1. Embedded artifact: UDL Comic Strip

Project Details: Small group activity project as a requirement in the Exploring E-Learning Tools course through Oregon State University’s PACE E-Learning Instructional Design and Development Certificate.

Tools Used: Techsmith Snagit, Bookcreator.com, Pixton

Mentors/Influencers/Teachers: Tim McKean’s Office Hours, Karen Costa’s 99 Tips Book, Flower Darby’s Small Teaching Online, Apotheoscomicsstl.com, Cindy Etherton, & Josh Bancroft,

Instructional Design and Development Process

This was a solo project in response to Josh Bancrofts Exploring E-Learning tools course. Although this was an individual project, the ideas for this project began with the design experience Cindy, Lynn, and Chelsey put together for the Designing Effective E-Learning course. Once I experienced the gradual introduction of a tool adding an extra layer of accessibility in the weekly announcements, I began to see ways I could make the Plus One approach to improvements in my own courses and eventually this project. I continued to build on those ideas through the readings and interactions of those mentioned above.

I began with the concept of a comic and originally planned to use Pixton extensively for this project and just embed it within the shell of my site, but when I considered how Bookcreator.com would allow for more of the actual comic book feel of flipping the pages, I decided I really wanted to provide that from a UX perspective. Sadly, being that the images have text on them, the reader function of bookcreator does not work, making the comics fail the test of accessibility. I wanted the comic to demonstrate the type of consultation work that an ID typically needs to do with faculty.

The problem I ran into with this project was that I was that once I downloaded the PDF version of Pixton comic strip I had to find a way to embed the panels of the comic strip into the book reader. The way the panels were printed out in the PDF versions there was no way they would embed into the book creator interface. So I used Snagit to go through each of the 30 frames and try to capture them as close to the same dimensions as possible. Then I pasted each one into the book creator interface and tried to get them to line up as best as I could. They don’t line up well and I will probably continue tweaking them inside the book creator editor. In terms of the time invested into this project for the outcome, I wouldn’t think of this as a very scaleable project.

Overall I’m not happy with how the embed code works within WordPress. There are some issues with the HTML that I need to figure out so I can display it in the center.

2. Embedded Sway with Captioned Video Announcement

Image is from Week 8 Module of my summer research writing course

Sway Link (At this time Sway embedding is not supported by WordPress)

Project Details: The different parts of this Sway include a review of the previous week, an overview of week’s focus, and a brief mention of activities. A captioned Youtube Announcement video is embedded at the end of the Sway to help provide multiple means of representation.

Tools Used: Microsoft Sway, Youtube, iPhone, Blackboard LMS

Mentors/Influencers/Writers: Cindy Etherton, Julie Dirksen

Instructional Design and Development Process

This motivation for adding a Sway into my weekly announcements came from Cindy Etherton’s Designing Effective E-Learning course, where one week she featured a Sway as part of the announcements. This practice also connects with the advice from Julie Dirksen in her work Design for How People Learn. Dirksen mentions that sometimes people “fail because they lack enough of the big picture to guide their own success.” I’ve found that by adding a more interactive multi-media experience in different parts of my course to give that big picture, then I’m able to increase student’s motivation.

When designing a weekly announcement in Sway, I’m looking to not only welcome students to the week, but giving a short review of what we did the week before and connect what we are doing the current week to the previous one. I find this is an essential practice in a writing course that involves the development of high-level conceptual, procedural, and strategic skills.

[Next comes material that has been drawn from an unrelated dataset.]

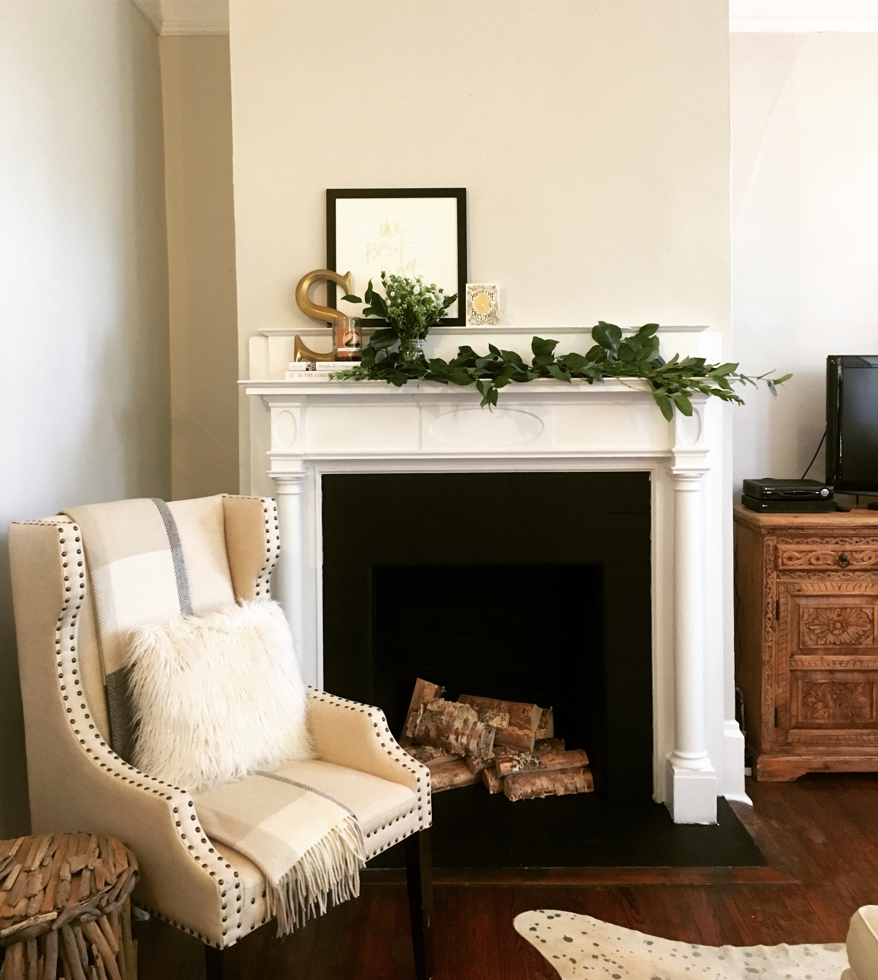 How do you feel about those green walls?? And the tiny sink in the corner, because there’s no sink in the bathroom 😳 But the fireplace is SO cozy! So, let’s see the BEFORE and AFTER.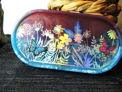 plateau /vide poches en résine , motifs de fleurs argentées et papillon rose et bleus sur un fond bleu et violet

Learners need to see the connection to the bigger picture.

Editing in Sway took some tinkering to get the emphasis on different images, groupings, and titles. It is a process that I continue to experiment with, but I find the presentation options are much more visually appealing than a powerpoint or other presentation tools. And I can embed and upload media fairly easily. The only exception I discovered is that I cannot embed a Sway without an iframe in WordPress. This is important as WordPress has become an important option for an LMS for some smaller organizations.

4. Using Embedded Infographics to Reinforce Course Concepts

Project Details: This infographic was created to help explain what is for many writers a complicated concept, especially since there are many different types of cohesion.

Tools Used: Canva, Scrbd, Blackboard

Instructional Design and Development Process

I’ve begun to look for concepts in my courses that seem complex in the way they are presented, either in either textbooks or other instructional materials. Once I’ve discovered points of confusion, I try to find ways to scaffold the understanding for my learners. Sometimes it can be a video, podcast recording or, in this case, an infographic.

Since I first began teaching composition courses, I’ve always struggled to explain this concept of cohesion and have learners apply their knowledge of it to their own writing. So I’ve found that by including the infographic near the end of a set of learning materials in a module it can reinforce different learning activities and help add clarity. In future semester, I plan to include a short audio recording along with the infographic so that there is an additional means of representation and it is ot only images.